= Marthe Miral =

Fictional author of Canadian hospitality guides

Marthe Miral was a fictional Francophone author or "house name" created by the Maple Leaf Milling Company Limited to market cookbooks to a French-speaking Canadian audience during the Great Depression. "Anna Lee Scott" was the Anglophone version of the author created by the flour company to market cookbooks, "home study" courses, hospitality and etiquette manuals to Canadian women in print and through newspaper and radio advertising. According to Elizabeth Driver, the following individuals published under the Anna Lee Scott/Marthe Miral pseudonyms: Katherine Caldwell Bayley, Grace Barbara Gray, Ethel Whitham, Mary Adams, Helen Gagen, and Sally Henry.

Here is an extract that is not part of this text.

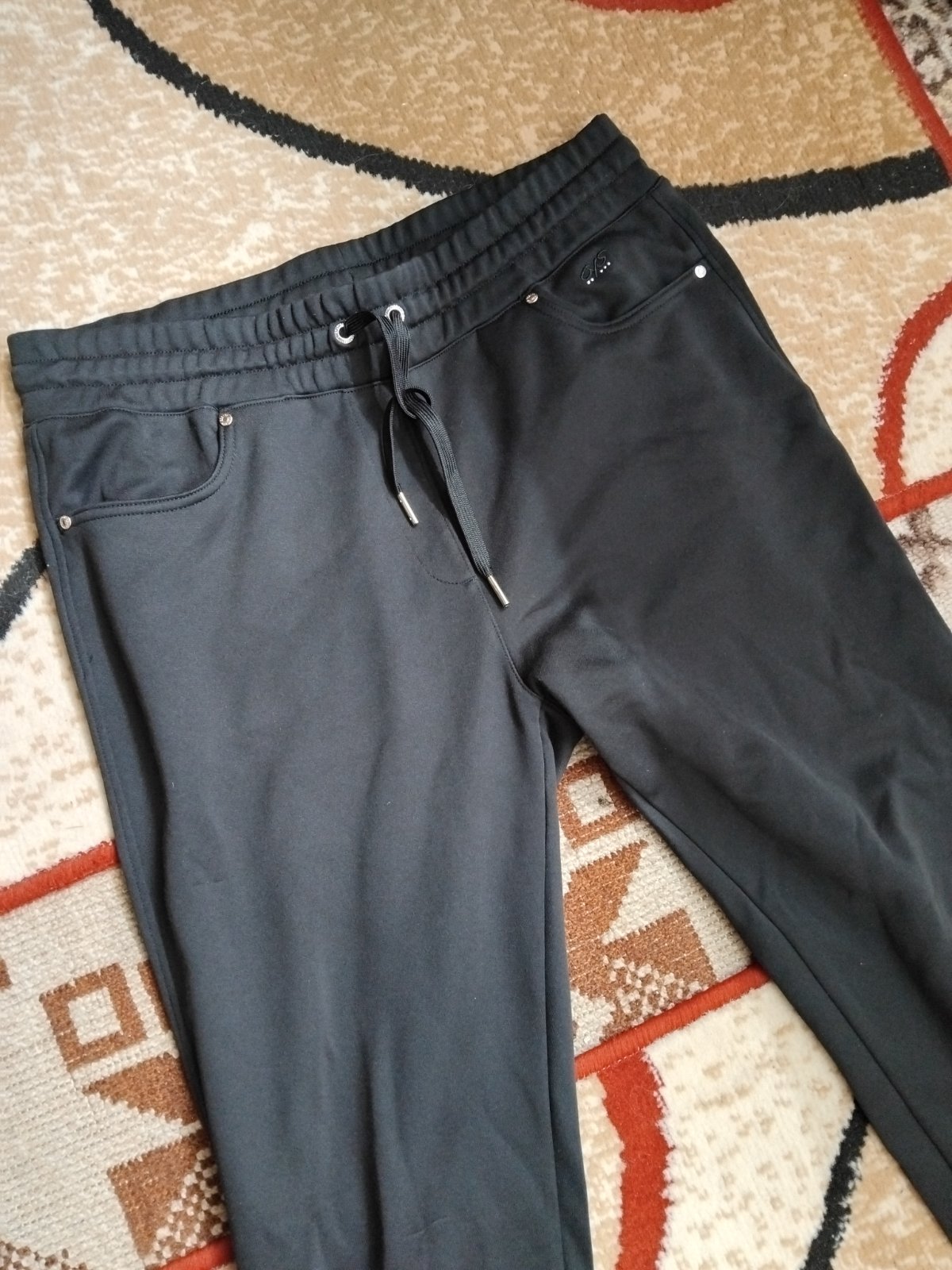 CRIVIT Damske tenke teplaky čiernej farby,z mierne elastickeho upletu,v pase gumka.super stav. se35 ROZMĚRY:vel.40/42,cez pas 2x40cm/v klude/,cez boky 2x60cm,sedy 31/40cm,dl 100/74cm. ZNAČKA:criv...

Katherine Caldwell Bayley was a home economist who also published under the persona Ann Adam for The Globe & Mail and the Winnipeg Free Press in the 1930s as well as Anna Lee Scott for the Maple Leaf Milling Company. Grace Barbara Gray (1908-1977) was a graduate of the MacDonald Institute in Guelph. She served as a dietician in the Canadian Navy at Halifax during the Second World War before joining Maple Leaf Milling and publishing under the persona from 1945 to 1951. Ethel Whitham took on the persona from 1951 to 1957, followed by Mary Adams from 1957 to 1963. Helen Gagen (1908-1998) was a home economist, who graduated from the University of Toronto. She and Sally Henry were the final two women to publish under the Anna Lee Scott name.

== Publications ==

- Scott, Anna Lee. Maple Leaf Cooking School.: A Complete Home Study Course for Beginners and Others in Twelve Easy Lessons.
- Scott, Anna Lee. Christmas Recipes. Toronto: Maple Leaf Milling Company, 1930.
- Miral, Marthe. L'Art de recevoir. Montreal: La Presse, 1934.
- Miral, Marthe. L'art d'acheter les aliments et de composer des menus hygiéniques : l'idéal, pour votre temps et pour votre argent. Montreal: La Presse, 1934.
- Scott, Anna Lee. Planning the Party. Montreal: Montreal Daily Star, 193-?].
- Miral, Marthe. 51 Façons d'atteindre Le Coeur d'un Homme. Toronto: Maple Leaf Milling Company, 1939.
- Scott, Anna Lee. 51 Ways to a Man's Heart. Toronto: Maple Leaf Milling Company, 1939.